> **Provided data**
────────────────────────────────────────

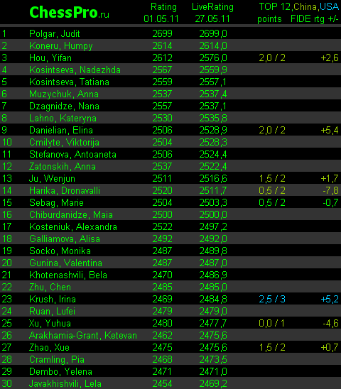 2011 Chinese Chess League Division A - R4,R5 (Rounds 1-2 of 3 ) [Hou Yifan,Danielian,Harika Dronavalli,Ju Wenjun,Zhao Xue,Xu Yuhua,Shen Yang ]
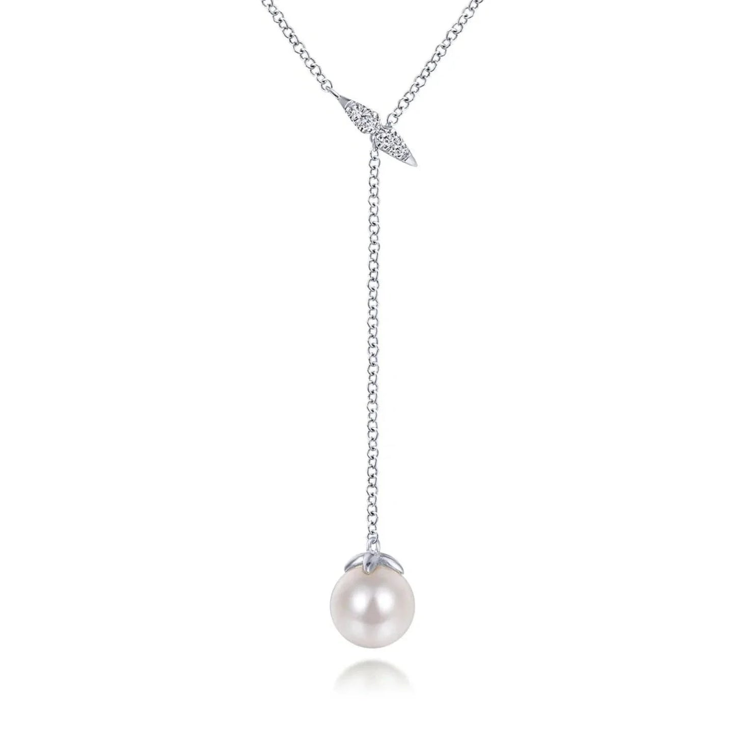 Push your fashion boundaries with this daring lariat necklace from Gabriel. A tapered 0.04 carat pavé set diamond detail adds a touch of boldness to the sleek Y knot design. Completed with a luminous white pearl drop, this necklace will elevate any outfit to new levels of adventure!
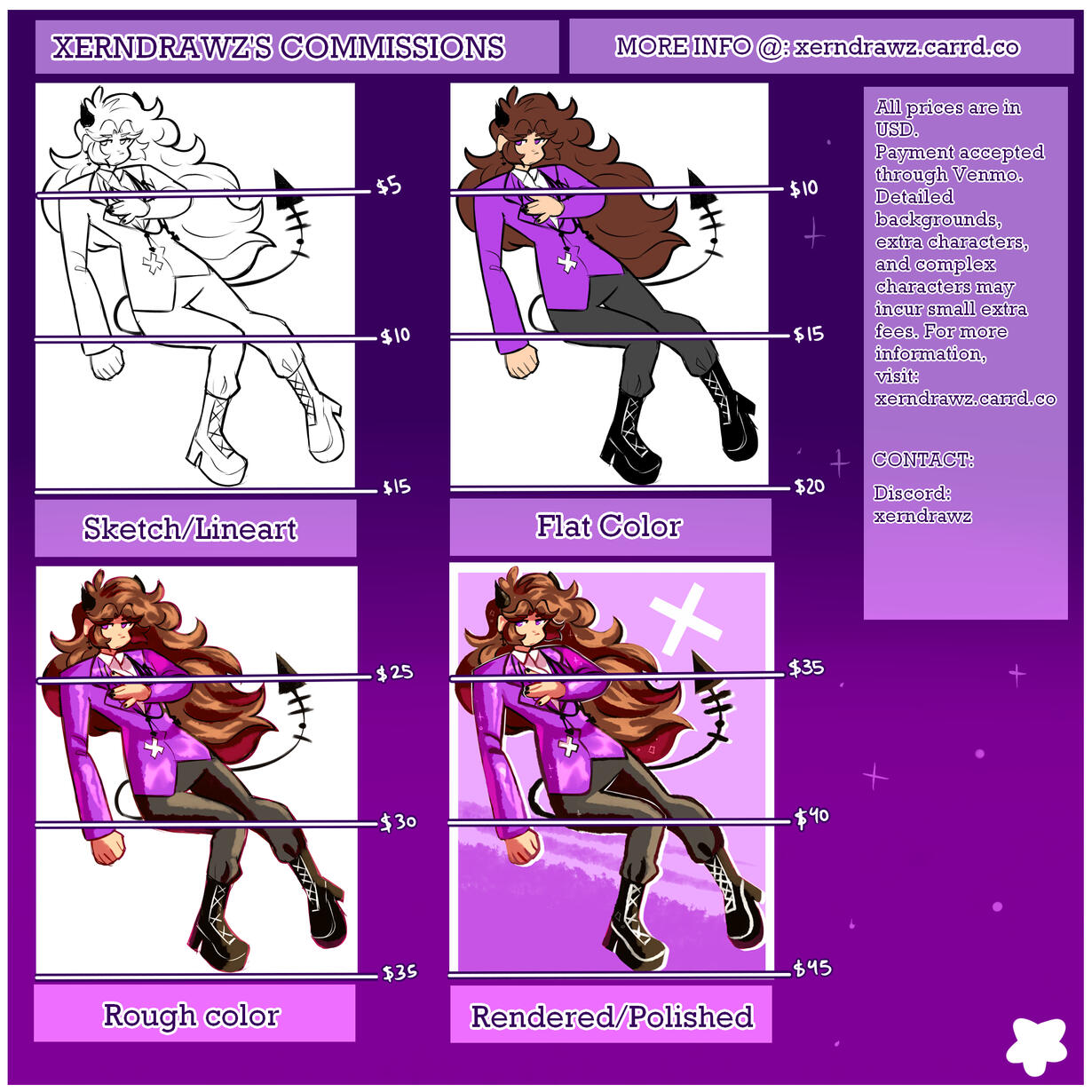 ☆ This page serves as general guidelines for commissioning XernDrawz which includes payment information, customer rights, time of delivery, usage and more. By requesting a commission, you agree to the listed terms and conditions.
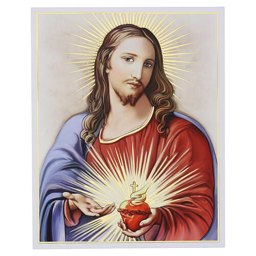Wooden Sacred Heart of Jesus Picture, 25x20 cm Valenti. Dedicated to the Sacred Heart of Jesus, this picture is made in Italy by Valenti Argenti. The high-definition image, printed on a wooden support, provides a sharp and bright depiction, enhanced by exquisite golden details in slight relief that can be felt to the touch. Delicate golden touches frame the figure and enhance significant details, such as the folds of the robe, the crown of thorns, and the heart. The picture can be placed on a fl...

────────────────────────────────────────

Make a word-for-word repeat of the material, skipping all pictures.

> **Answer below**
 2011 Chinese Chess League Division A - R4,R5 (Rounds 1-2 of 3 ) [Hou Yifan,Danielian,Harika Dronavalli,Ju Wenjun,Zhao Xue,Xu Yuhua,Shen Yang ]
 Push your fashion boundaries with this daring lariat necklace from Gabriel. A tapered 0.04 carat pavé set diamond detail adds a touch of boldness to the sleek Y knot design. Completed with a luminous white pearl drop, this necklace will elevate any outfit to new levels of adventure!
 ☆ This page serves as general guidelines for commissioning XernDrawz which includes payment information, customer rights, time of delivery, usage and more. By requesting a commission, you agree to the listed terms and conditions.
Wooden Sacred Heart of Jesus Picture, 25x20 cm Valenti. Dedicated to the Sacred Heart of Jesus, this picture is made in Italy by Valenti Argenti. The high-definition image, printed on a wooden support, provides a sharp and bright depiction, enhanced by exquisite golden details in slight relief that can be felt to the touch. Delicate golden touches frame the figure and enhance significant details, such as the folds of the robe, the crown of thorns, and the heart. The picture can be placed on a fl...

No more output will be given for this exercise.